Meow Wolf plans fourth location in Washington
Expansion set to open in 2022 after Denver, Vegas launches
The Meow Wolf gang is at it again. The creator of the 2016 interactive art installation House of Eternal Return on Rufina Circle now has its eyes on Washington, D.C., after earlier this year announcing projects in Denver and Las Vegas, Nev.
Meow Wolf announced its third expansion Tuesday, with the expected opening in 2022 of a three-level, 75,000-square-foot permanent art installation in the northeastern D.C. neighborhood of Fort Totten.
Meow Wolf is partnering with the D.C.-based Morris and Gwendolyn Cafritz Foundation, which approached the Santa Fe arts collective about launching an immersive art project there. The foundation describes itself as “the largest private, independent, local foundation focused exclusively on the Washington, D.C. metropolitan area.”
In the meantime, Meow Wolf is in the groundbreaking phases in Denver and Las Vegas.
“There is no limit to how many more installations we want to do in the future,” said John Feins, Meow Wolf ’s
vice president of communications. “What our appetite and capacity is, it’s difficult to say. We are so focused now on Denver and Las Vegas.”
Meow Wolf CEO Vince Kadlubek, in a recently released documentary, Meow Wolf: Origin Story, said what began as a local arts collective is now a $50 million company with the potential to be a billion-dollar operation.
Meow Wolf Las Vegas is the anchor tenant of the new 40-acre Area 15, a “radically reimagined” retail, art and entertainment complex, as described by its developers. In Denver, Meow Wolf is building a triangular structure between two viaducts in the Sun Valley community, south of Mile High Stadium.
The Las Vegas site is expected to open in December 2019 and the Denver site in December 2020, Feins said.
Meow Wolf said it will reveal more details about its D.C. project in the new year. For its Washington installation, the arts group will follow the dynamics of its projects in Denver and Las Vegas, where staff sought out underground art scenes to recruit local workers.
“We always recognized untapped and uncelebrated culture of young people who are not going to get a show at the National Museum of Art,” Feins said.
Meow Wolf, with 400 employees, has 150 people directly involved with the Las Vegas project and another 150 involved with developing the Denver installation.
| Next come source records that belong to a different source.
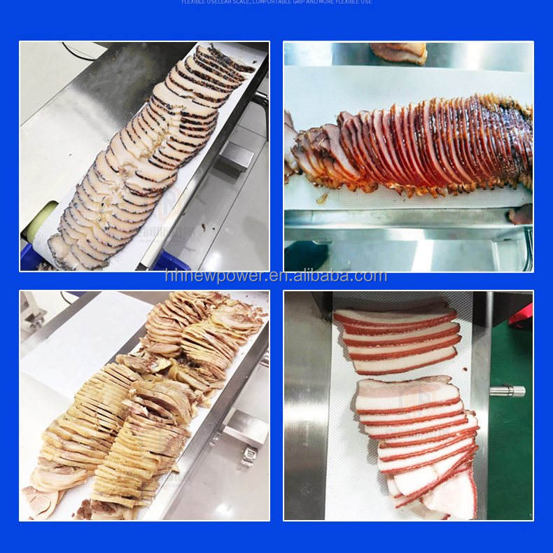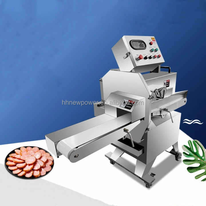 Rebanadora de salchichas de salami de carne cocida de frecuencia Variable automática comercial 2024 con cinta transportadora
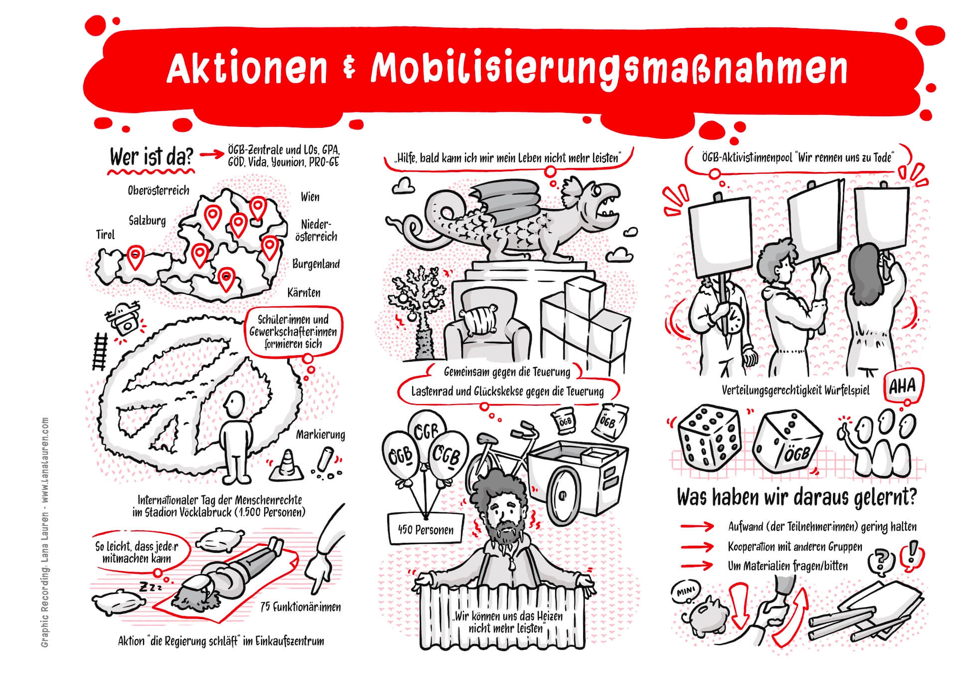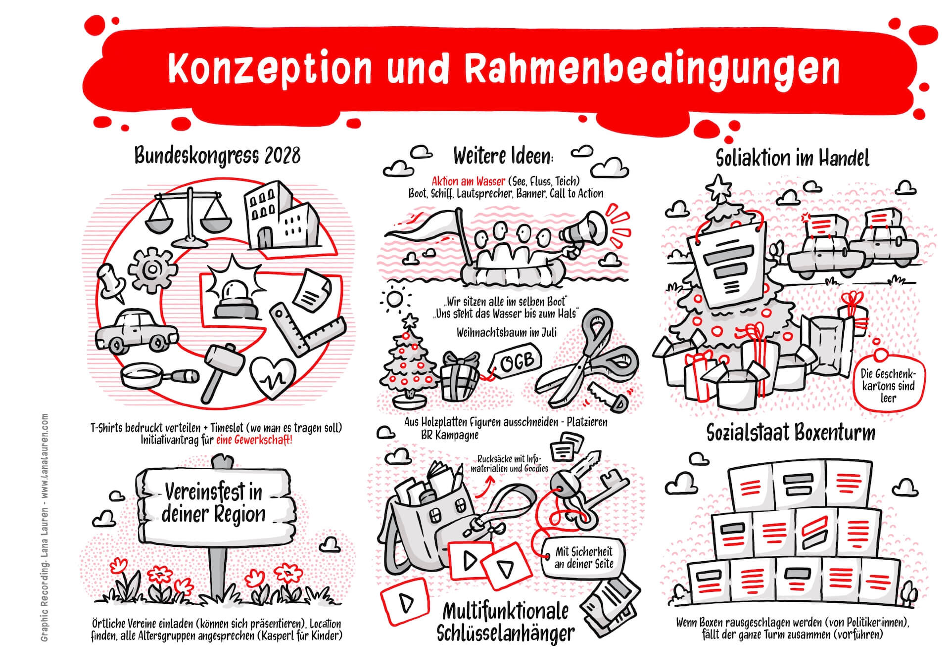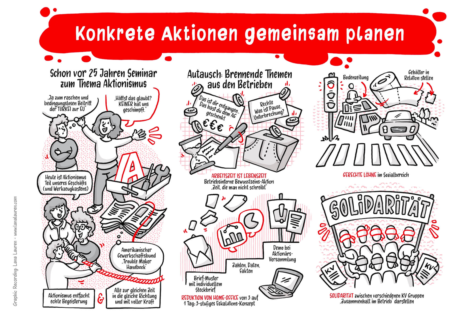 Ich habe das gesamte Event visuell begleitet und durfte in die nicht nur spannenden sondern auch sehr praxisnahen Workshops mit eintauchen. Die Illustrationen unterstützten nicht nur die Reflexion des Gelernten, sondern dienten auch als Abschluss und Zusammenfassung der Tagung und motivierten dazu, kreative Ansätze künftig auch im eigenen gewerkschaftlichen Kontext anzuwenden.
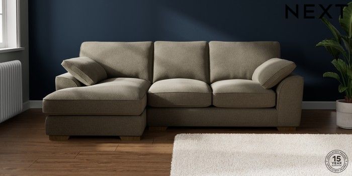 7.3.1 Buy Stamford Grand Relaxed Sit Medium Sofa Chaise - Left Hand Chunky Marl Light Olive Green Large Square Angle - Mid from the Laura Ashley online shop Click here to use our website with more accessibility support, for example screen readers

Feins said Meow Wolf wants at least 40 percent of the artists working on the Denver design to be based in the city.
“If Denver ends up at 80 percent, that would be fine,” he said.
The D.C. Meow Wolf will be the anchor of the second phase of Cafritz’s Art Place at Totten Park, a mixed-use development. The first phase, in 2007, included the construction of 520 apartments in three six-story buildings, with about 100,000 square feet of groundfloor retail. Plans for the second phase call for about 250 more apartments, a small grocery store, a children’s museum and about 50,000 square feet of additional retail space.
Before the Denver expansion, Meow Wolf representatives had been nosing about the city for years, and eventually word got out to the Denver do-it-yourself underground art scene, Feins said, adding, “They embraced us.”
“Denver had an underground art scene that was under duress,” he said. “We knew a community of talented artists we could tap into and put to work.”
Meow Wolf ’s House of Eternal Return gained immediate international media attention, including stories in the Guardian of London, the New York Times and the Los Angeles Times, upon its March 2016 opening.
The New York City-based Fisher Brothers development firm behind Area 15 in Las Vegas and the Cafritz Foundation both sought out Meow Wolf, asking the company to bring its immersive art to their cities.
“Meow Wolf has grown beyond the innovative DIY art collective to a nationally renowned, immersive art experience,” Jane Cafritz of the Cafritz Foundation said in the Meow Wolf news release. “This opportunity will be an important addition to Washington, D.C., and the northeast DC. As a team that has been involved in the arts for decades, we are thrilled to see that the future of the art experience will be coming to the nation’s capital.”